WHAT TO DO: Exactly the lines from the one containing "Stainless steel Jar" through the one containing "W czwartek 26" in the listing below are to be copied, with the pictures left out.

STORED DATA:
==*==

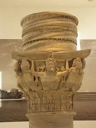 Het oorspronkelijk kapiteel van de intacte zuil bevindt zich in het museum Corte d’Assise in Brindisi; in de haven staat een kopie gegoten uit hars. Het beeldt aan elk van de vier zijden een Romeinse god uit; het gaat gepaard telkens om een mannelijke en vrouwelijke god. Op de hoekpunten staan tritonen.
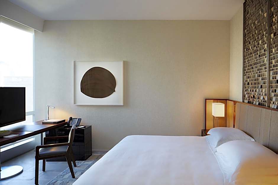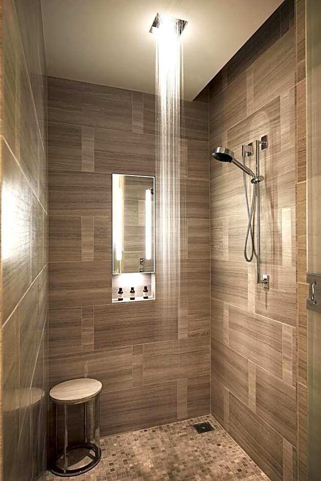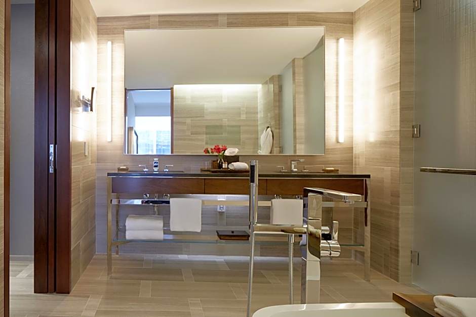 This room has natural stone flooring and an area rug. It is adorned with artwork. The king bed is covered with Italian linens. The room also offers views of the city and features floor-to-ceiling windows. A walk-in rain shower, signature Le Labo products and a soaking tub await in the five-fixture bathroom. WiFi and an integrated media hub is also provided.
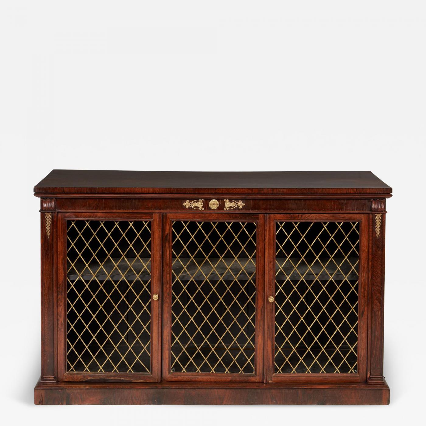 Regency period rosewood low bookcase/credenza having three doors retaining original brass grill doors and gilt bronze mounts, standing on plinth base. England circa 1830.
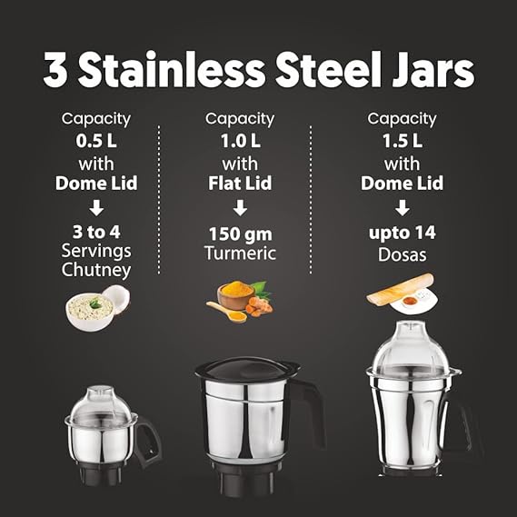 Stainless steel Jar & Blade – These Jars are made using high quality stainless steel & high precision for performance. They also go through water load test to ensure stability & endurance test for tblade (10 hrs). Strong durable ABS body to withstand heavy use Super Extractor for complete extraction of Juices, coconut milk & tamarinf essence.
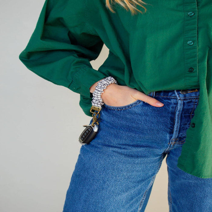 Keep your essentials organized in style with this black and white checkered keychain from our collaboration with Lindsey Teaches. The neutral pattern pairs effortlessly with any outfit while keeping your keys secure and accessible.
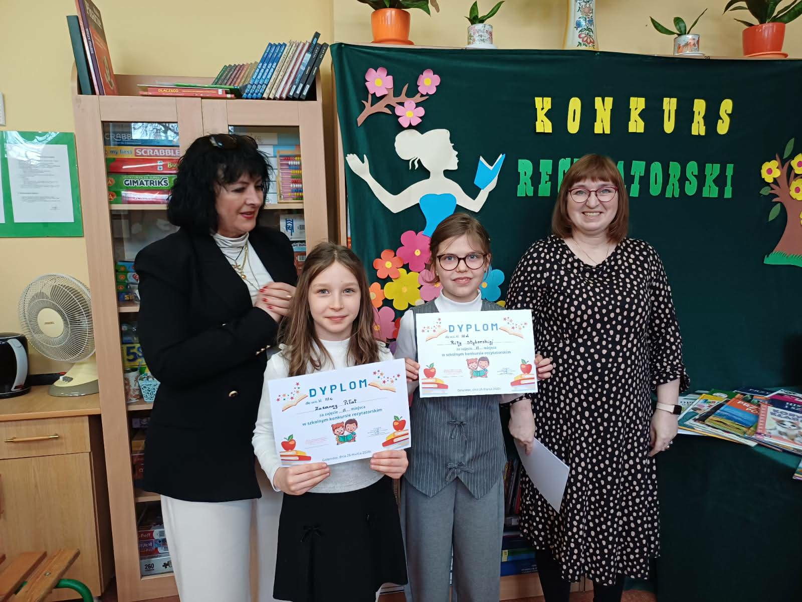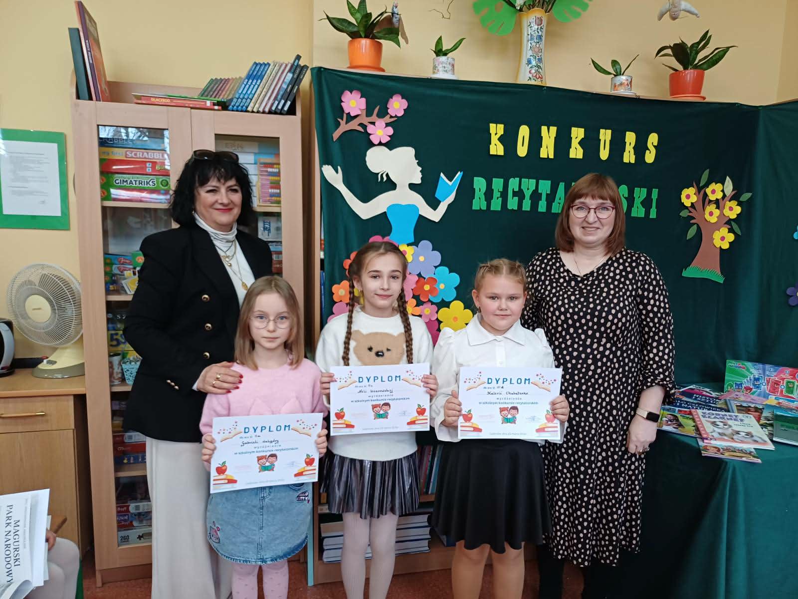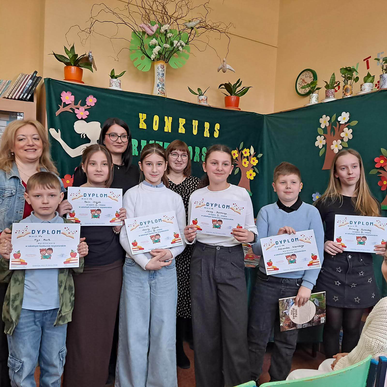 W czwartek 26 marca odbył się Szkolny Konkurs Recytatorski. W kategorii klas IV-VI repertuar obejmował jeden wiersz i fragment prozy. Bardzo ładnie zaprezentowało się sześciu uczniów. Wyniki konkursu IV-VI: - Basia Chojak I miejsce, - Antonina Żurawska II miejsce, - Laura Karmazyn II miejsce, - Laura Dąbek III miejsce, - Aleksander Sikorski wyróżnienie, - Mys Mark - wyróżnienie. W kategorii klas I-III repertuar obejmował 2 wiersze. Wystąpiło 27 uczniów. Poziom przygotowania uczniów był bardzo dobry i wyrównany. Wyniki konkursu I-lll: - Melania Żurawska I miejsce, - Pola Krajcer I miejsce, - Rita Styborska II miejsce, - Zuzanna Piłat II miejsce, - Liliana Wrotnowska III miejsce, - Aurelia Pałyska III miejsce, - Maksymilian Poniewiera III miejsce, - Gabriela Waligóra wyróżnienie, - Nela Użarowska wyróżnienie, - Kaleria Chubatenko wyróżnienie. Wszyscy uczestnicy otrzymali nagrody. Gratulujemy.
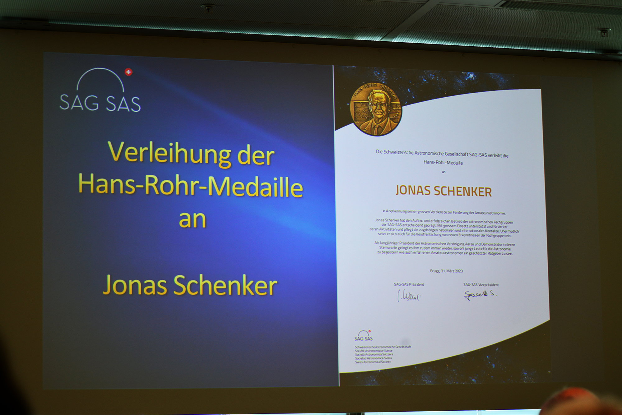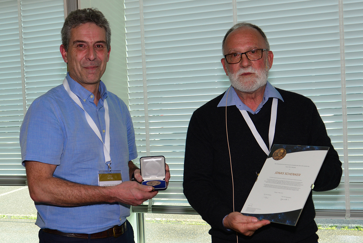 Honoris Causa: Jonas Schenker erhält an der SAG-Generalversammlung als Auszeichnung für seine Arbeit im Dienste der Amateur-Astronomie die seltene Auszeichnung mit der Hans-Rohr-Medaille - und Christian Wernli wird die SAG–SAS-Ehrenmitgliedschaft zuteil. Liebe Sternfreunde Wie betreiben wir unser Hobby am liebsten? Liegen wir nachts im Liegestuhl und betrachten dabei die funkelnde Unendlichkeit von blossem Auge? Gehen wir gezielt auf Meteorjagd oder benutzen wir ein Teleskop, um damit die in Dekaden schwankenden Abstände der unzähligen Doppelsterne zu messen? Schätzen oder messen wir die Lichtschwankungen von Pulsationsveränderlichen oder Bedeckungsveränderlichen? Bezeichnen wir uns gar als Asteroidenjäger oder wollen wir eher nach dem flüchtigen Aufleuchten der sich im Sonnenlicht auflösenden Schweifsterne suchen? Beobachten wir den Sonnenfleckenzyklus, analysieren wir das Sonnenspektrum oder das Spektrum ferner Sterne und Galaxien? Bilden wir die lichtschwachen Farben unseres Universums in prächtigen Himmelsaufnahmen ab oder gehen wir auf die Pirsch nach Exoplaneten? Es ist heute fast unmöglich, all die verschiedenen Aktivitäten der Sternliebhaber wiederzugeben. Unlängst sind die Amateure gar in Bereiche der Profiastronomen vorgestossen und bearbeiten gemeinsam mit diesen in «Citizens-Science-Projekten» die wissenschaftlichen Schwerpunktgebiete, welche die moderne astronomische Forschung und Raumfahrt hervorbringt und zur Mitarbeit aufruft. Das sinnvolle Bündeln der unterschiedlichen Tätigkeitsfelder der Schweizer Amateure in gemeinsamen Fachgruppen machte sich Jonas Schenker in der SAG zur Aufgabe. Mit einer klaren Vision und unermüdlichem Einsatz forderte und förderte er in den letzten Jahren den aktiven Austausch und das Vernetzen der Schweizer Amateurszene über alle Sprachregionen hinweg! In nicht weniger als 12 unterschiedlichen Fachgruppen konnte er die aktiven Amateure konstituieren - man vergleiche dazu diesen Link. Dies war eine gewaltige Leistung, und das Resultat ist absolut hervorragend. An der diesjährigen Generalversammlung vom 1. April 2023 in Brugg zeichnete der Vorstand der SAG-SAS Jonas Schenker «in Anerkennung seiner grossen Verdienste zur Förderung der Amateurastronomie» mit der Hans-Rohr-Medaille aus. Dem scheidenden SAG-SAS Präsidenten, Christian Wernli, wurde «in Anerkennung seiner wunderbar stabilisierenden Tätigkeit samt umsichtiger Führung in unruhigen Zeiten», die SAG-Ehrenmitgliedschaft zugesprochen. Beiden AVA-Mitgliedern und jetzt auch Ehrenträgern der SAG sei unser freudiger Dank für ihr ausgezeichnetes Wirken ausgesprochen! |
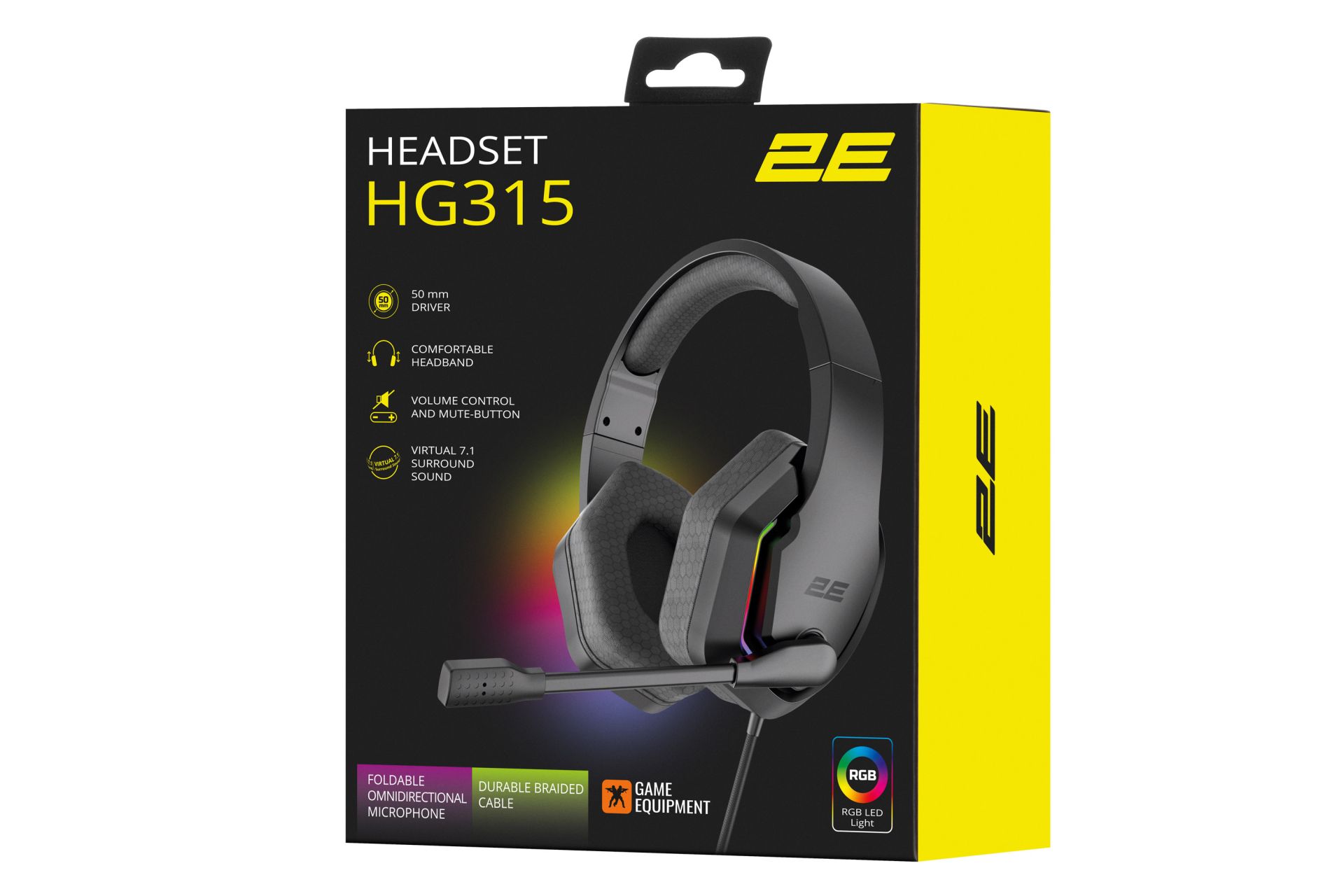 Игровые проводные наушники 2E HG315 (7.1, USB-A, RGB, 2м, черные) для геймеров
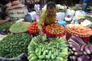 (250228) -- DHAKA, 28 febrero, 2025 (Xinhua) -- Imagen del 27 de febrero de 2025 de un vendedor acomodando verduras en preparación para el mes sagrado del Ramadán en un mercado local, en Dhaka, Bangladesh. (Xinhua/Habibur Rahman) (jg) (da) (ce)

==*==

ANSWER BOX:
 Stainless steel Jar & Blade – These Jars are made using high quality stainless steel & high precision for performance. They also go through water load test to ensure stability & endurance test for tblade (10 hrs). Strong durable ABS body to withstand heavy use Super Extractor for complete extraction of Juices, coconut milk & tamarinf essence.
 Keep your essentials organized in style with this black and white checkered keychain from our collaboration with Lindsey Teaches. The neutral pattern pairs effortlessly with any outfit while keeping your keys secure and accessible.
 W czwartek 26 marca odbył się Szkolny Konkurs Recytatorski. W kategorii klas IV-VI repertuar obejmował jeden wiersz i fragment prozy. Bardzo ładnie zaprezentowało się sześciu uczniów. Wyniki konkursu IV-VI: - Basia Chojak I miejsce, - Antonina Żurawska II miejsce, - Laura Karmazyn II miejsce, - Laura Dąbek III miejsce, - Aleksander Sikorski wyróżnienie, - Mys Mark - wyróżnienie. W kategorii klas I-III repertuar obejmował 2 wiersze. Wystąpiło 27 uczniów. Poziom przygotowania uczniów był bardzo dobry i wyrównany. Wyniki konkursu I-lll: - Melania Żurawska I miejsce, - Pola Krajcer I miejsce, - Rita Styborska II miejsce, - Zuzanna Piłat II miejsce, - Liliana Wrotnowska III miejsce, - Aurelia Pałyska III miejsce, - Maksymilian Poniewiera III miejsce, - Gabriela Waligóra wyróżnienie, - Nela Użarowska wyróżnienie, - Kaleria Chubatenko wyróżnienie. Wszyscy uczestnicy otrzymali nagrody. Gratulujemy.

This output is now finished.